NEW YORK -(Dow Jones)- Morgan Stanley (MS) Chairman and Chief Executive James Gorman defended the securities firm's role in Facebook Inc.'s (FB) tumultuous initial public offering, telling employees internally that the firm worked "100% within the rules" and calling the steep decline in Facebook's stock "disappointing."

Gorman, in a weekly strategy meeting Tuesday, which was later webcast to employees, said "speculation of nefarious activity" surrounding the social networking company's IPO is untrue. Contrary to some reports, he said, he wasn't "aware of any dissent" among the underwriting firms regarding Facebook's IPO price of $38 a share.

An interesting note:

In the discussion, Gorman went so far as to recount a phone call he received from Facebook's chief operating officer, Sheryl Sandberg, last Friday evening. Gorman said Sandberg praised the company and offered Morgan Stanley a professional reference for its work on the deal.

For those that don't recognize the name, Mrs. Sandberg oversaw ad sales for Google and is generally credited with helping make that company the profitable business that it now is. She was brought on at Facebook a few years ago to, as I see it, kinda be the adult in the room and figure out how to make Facebook a profitable business.
 
C

czygvtwkr

Guest
At $40 a share FB had something like half of the valuation of Google with only 1/10th the revenue.... this tells me that even at $10 a share is expensive when compared to Google.
 
Has Facebook put in a bottom? It's been creeping up for the last week plus and is trading at about $28.50 in the premarket this morning. It was as low as about $25.50 last week.

I really need to know, someone please tell me. :tap:
 
At $40 a share FB had something like half of the valuation of Google with only 1/10th the revenue.... this tells me that even at $10 a share is expensive when compared to Google.

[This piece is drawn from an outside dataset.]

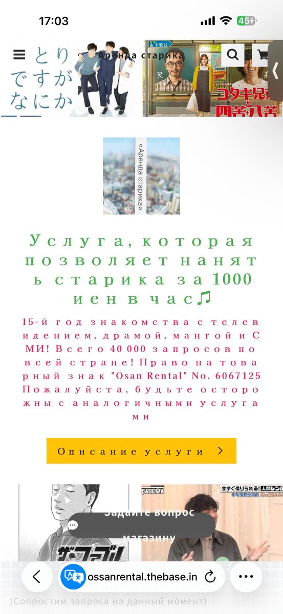 Не спрашивайте как я это нашел, но это вебсайт где можно «арендовать» пожилого японца который выступит в роли собеседника на прогулке

Only if you assume the companies are at the same stage in their respective developments, which they aren't. You don't buy a stock like FB (now) or Google (when it went public) because you think the price is good based on their current earnings, you buy them because you think the price is good based on their potential future earnings. Google was more expensive right after it went public than Facebook is now. It closed at $100 on its first day of trading (and went mostly up from there) which represented a market cap of about $27 Billion, about 140 times its trailing 12 months earnings of $191 Million. That investment didn't turn out too bad for those that made it, Google is up more than 450% in the less than 8 years since then.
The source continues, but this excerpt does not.